The majority of metal–organic frameworks (MOFs) are designed with carboxyl­ate- and nitro­gen-containing heterocyclic ligands, while phospho­nate-based MOFs are less well studied. One possible explanation may have to do with the predisposition of phospho­nates to precipitate rapidly into less ordered insoluble phases. However, carboxyl­ate-based MOFs are less stable in air and water, and this poses a significant problem if they are to be used in industrial applications. Metal carboxyl­ate MOFs are subject to hydrolysis and are quite soluble in acidic solutions. On the contrary, phospho­nates manifest stronger inter­actions with oxophilic metal ions than carboxyl­ates and are not subject to hydrolysis (Deria et al., 2015 ▸; Gagnon et al., 2012 ▸).

About a decade ago, a crystalline and porous zinc di­phospho­nate MOF, {[Zn(DHBP)](DMF)₂} (DMF = N,N-di­methyl­formamide) was reported (Liang & Shimizu, 2007 ▸). These researchers utilized a modified phospho­nate ligand, 1,4-dihy­droxy-2,5-benzene­diphospho­nate (DHBP), to cross-link one-dimensional Zn(RPO₃) columns into an ordered three-dimensional network. Herein, we report the synthesis and structure of the title inorganic–organic hybrid framework, (I), using 1,4-dihy­droxy-2,5-benzene­diphospho­nate via the in situ formation of the guest cation.

Structural commentary  

The structure of (I) crystallizes in the monoclinic space group P2₁/n. The asymmetric unit contains one Zn²⁺ cation, a C₆H₄P₂O₈ ⁴⁻ hy­droxy­phospho­nate tetra-anion and two (CH₃)₂NH₂ ⁺ cations (Fig. 1 ▸). The extended structure is constructed from tetra­hedral ZnO₄ units with the O atoms arising from four rigid phenyl spacers into a three-dimensional framework (Fig. 2 ▸).

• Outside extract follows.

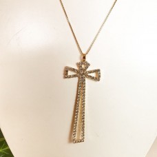 Colar com cruz vazada em zircônias brancas, vazada, no banho de ouro 18k, hipoalergênico..

Two of the oxygen atoms of each PO₃ ²⁻ moiety are involved in coordination to the Zn²⁺ ion and the others (O2 and O6) are not. The Zn—O bond distances range from 1.9055 (11) to 1.9671 (11) Å and the hy­droxy­phospho­nate ligand is present in (I) with P—O bonds that range from 1.5129 (11) to 1.5337 (11) Å in length. The latter bond lengths are within the expected range for deprotonated P—O bonds (Liang & Shimizu, 2007 ▸).

Figure 1.

The asymmetric unit of (I) in position 1 − x, 1 − y, 1 − z showing 50% displacement ellipsoids.

Figure 2.

View down [100] of the three-dimensional framework structure of (I) with the ZnO₄ and PO₃C moieties shown as polyhedra. Color key: ZnO₄ groups = cyan, PO₃C groups = magenta, oxygen = red, carbon = black, hydrogen = white. The (CH₃)₂NH₂ ⁺ cations are omitted for clarity.

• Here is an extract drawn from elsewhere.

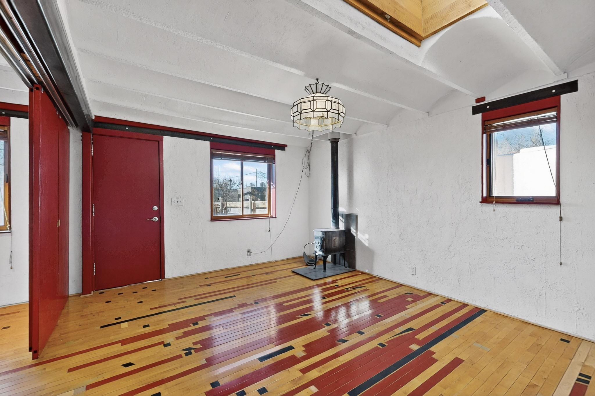 Discover an exceptional investment or live/rent opportunity just minutes from the Santa Fe Plaza and the vibrant Railyard District. This versatile duplex features two spacious 1BR/1BA units totaling 1,320 sq ft, each with its own distinct character, private outdoor space, and two dedicated parking spots. A shared laundry room conveniently connects the units while maintaining privacy. A spray foam roof (10y) with fresh elastomeric coating (2y) and acoustic-insulated separation between units adds comfort, efficiency, and peace of mind. Live in one home and rent the other, or maximize income potential by leasing both--this property offers flexibility for owners, investors, or multi-family living.UNIT A:Warm and artistic, Unit A welcomes you with a large living room featuring a wood stove and hardwood floors reclaimed from a basketball court--a true conversation piece. Custom shoji doors create a stylish division between the living and bedroom spaces. The open-concept kitchen includes a gas stove and blends seamlessly with the living area. Custom coved ceilings, numerous skylights, and unique colorful accents make the interior attractive, and the private fenced outdoor patio is perfect for morning coffee or evening relaxation.UNIT B:Bright and inviting, Unit B boasts a spacious living room with parquet hardwood flooring and abundant natural light. The kitchen showcases unique sheet-metal paneling for a contemporary, artistic touch. The bedroom features serene American Clay plaster walls, adding texture and warmth, with an en-suite bathroom boasts slate tile, walk-in shower, and custom skylights. A large private yard offers ample outdoor living potential--gardening, pets, or entertaining. A 220V hookup in the yard makes your hot tub or workshop vision possible. With its unbeatable location, character-rich interiors, and strong rental flexibility, 617 Paulin St is a rare find in the heart of Santa Fe. A must-see for investors and homeowners alike. Property to be sold as-is.

The structure of (I) is similar to that of {[Zn(DHBP)](DMF)₂} (Liang & Shimizu, 2007 ▸; CCDC refcode JIVFUQ) in that the zinc–phospho­nate framework comprises one-dimensional channels occupied by guest species, but with the significant difference that the guest species in JIVFUQ are neutral DMF mol­ecules and the phospho­nate groups are singly, rather than doubly deprotonated to form C₆H₆P₂O₈ ²⁻ dianions.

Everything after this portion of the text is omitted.